5 ngml LPS. Using LPS in the presence and absence of the P glycoprotein inhibitor PSC833, the decrease in saquinavir accumula tion Inhibitors,Modulators,Libraries was only partially explained by increases Inhibitors,Modulators,Libraries in P glyco protein function, that is, by increased P glycoprotein mediated efflux of compound from the intracellular compartment to the outside of the cell. The remainder of the unaccounted saquinavir transport surprisingly could not be explained by increases in efflux or protein expression Inhibitors,Modulators,Libraries of Mrp1, a transporter known to handle sa quinavir efficiently. Although less likely, a decrease in potential uptake of saquinavir into the cells via de creased SLC uptake transporter expressionfunction was also considered.

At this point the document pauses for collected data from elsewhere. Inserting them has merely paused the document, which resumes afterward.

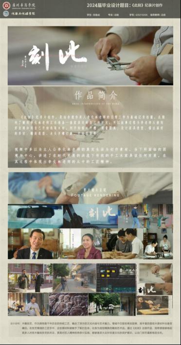增城荔枝木雕刻非遗传承人李化林老师,对进行非遗纪录片创作的学生进行了称赞和鼓励;他肯定了纪录片创作对非遗文化的宣传作用,并对毕业展的举办表示大力支持。李化林老师说道:“纪录片创作对于非遗文化的宣传与传播起到了很大的作用,这几年有许多学生都拍摄了荔枝木雕刻非遗纪录片,质量也是一年比一年好,非常感谢学校以及学生们对增城荔枝木雕刻的宣传与推广。”
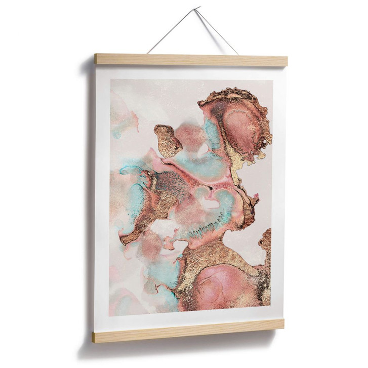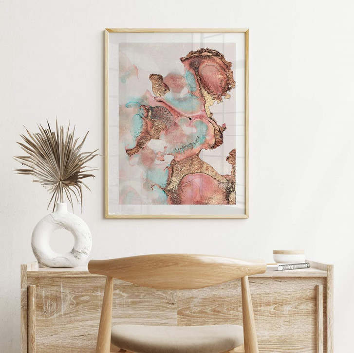 Abstrakt, geometrisch oder klassisch? Kunst ist innovativ und vielseitig. Finde den Stil, der zu dir passt! Und diese Illustration versprüht positive Vibes. Die abstrakte Kunst von Elisabeth Fredriksson zeigt flüssige Tinte in den Farbtönen Rosa, Gold und Mint. Die fliessende Tinte erinnert an ein Marmormuster. Die Farben Rosa und Mint wirken sommerlich und frisch, während der Goldton für einen Hauch von Wärme und Glamour sorgt. So entsteht ein farbenfrohes Kunstwerk, das der Wand einen besonderen Look verleiht. Das moderne Wandbild kannst du mit anderen Motiven von Fredriksson kombinieren, um beispielsweise eine trendige Wandgestaltung im skandinavischen Stil zu kreieren.
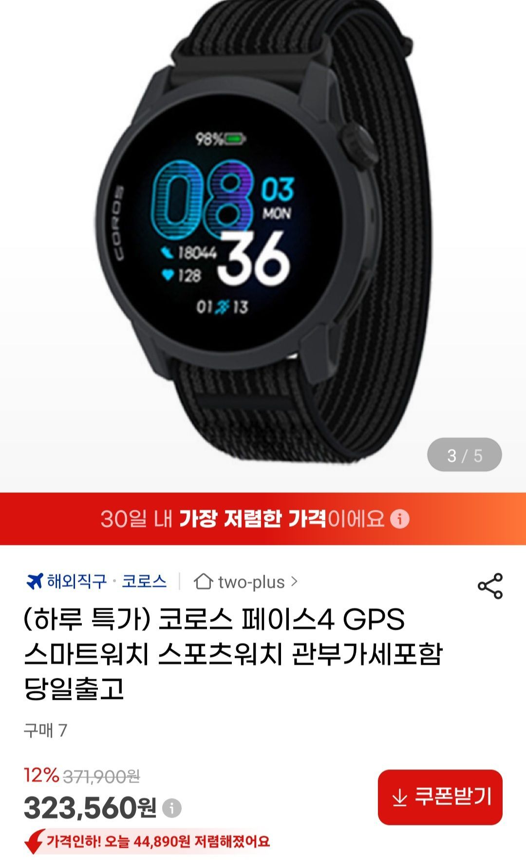 | 크로켓 | 코로스 페이스4 GPS 스마트워치 스포츠워치 | 364,854원 | 관부가세 포함, 쿠폰 할인 적용 |
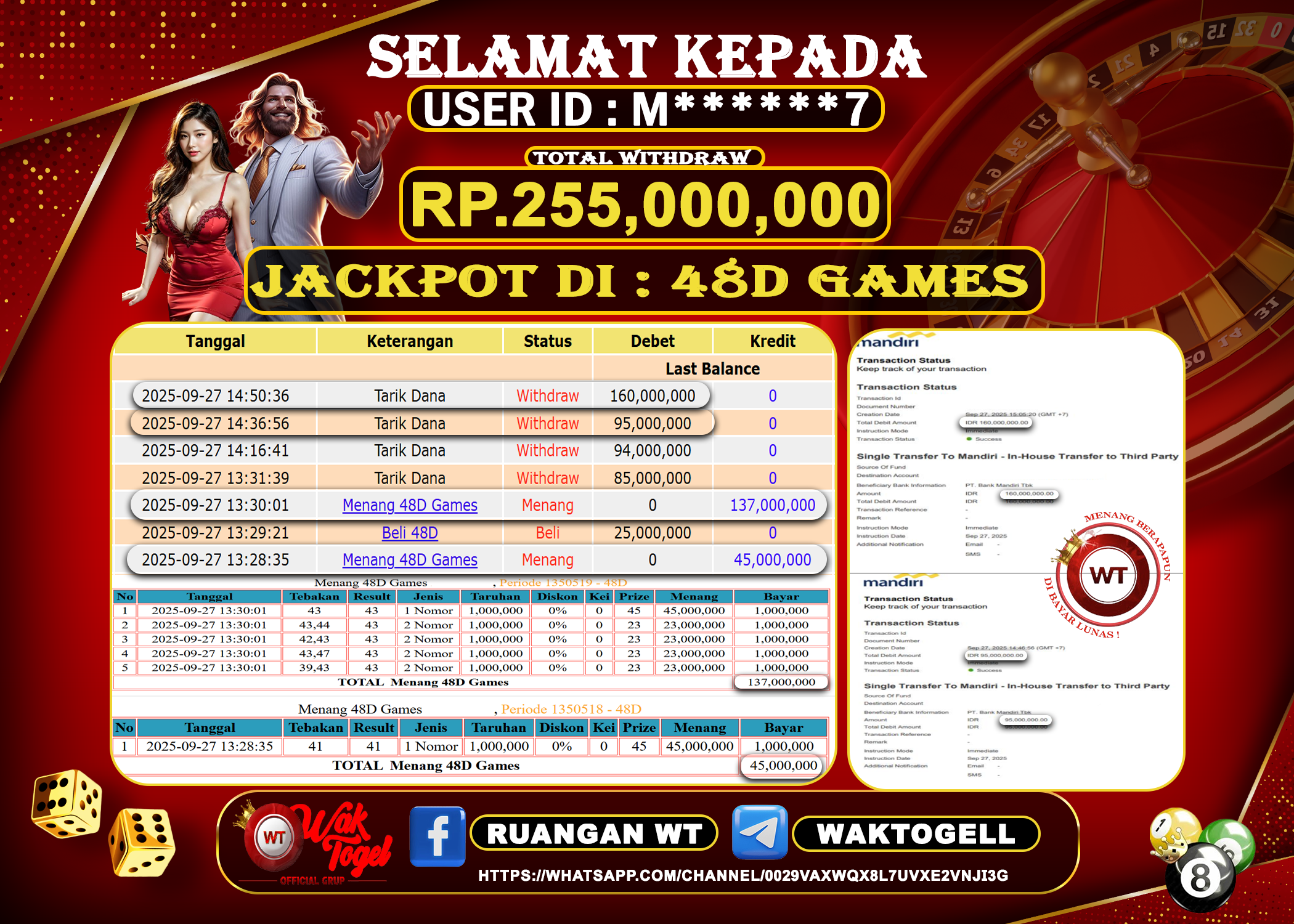 Bukti Pembayaran Jackpot Waktogel Untuk SLOT, TOGEL , LIVECASINO

Transcripts of seven well characterized SLC transporters, some already well known to interact with ARs, were examined in the presence and absence of LPS. With the exception www.selleckchem.com/products/CP-690550.html of Slc22a2, none of these trans porters were expressed sig nificantly in HAPI microglia. Furthermore, Slc22a2 transcript levels in HAPI microglia were unchanged fol lowing LPS exposure. Therefore, it is unlikely that a change in SLC uptake transporters explains the reduced accumulation of saquinavir following LPS treatment.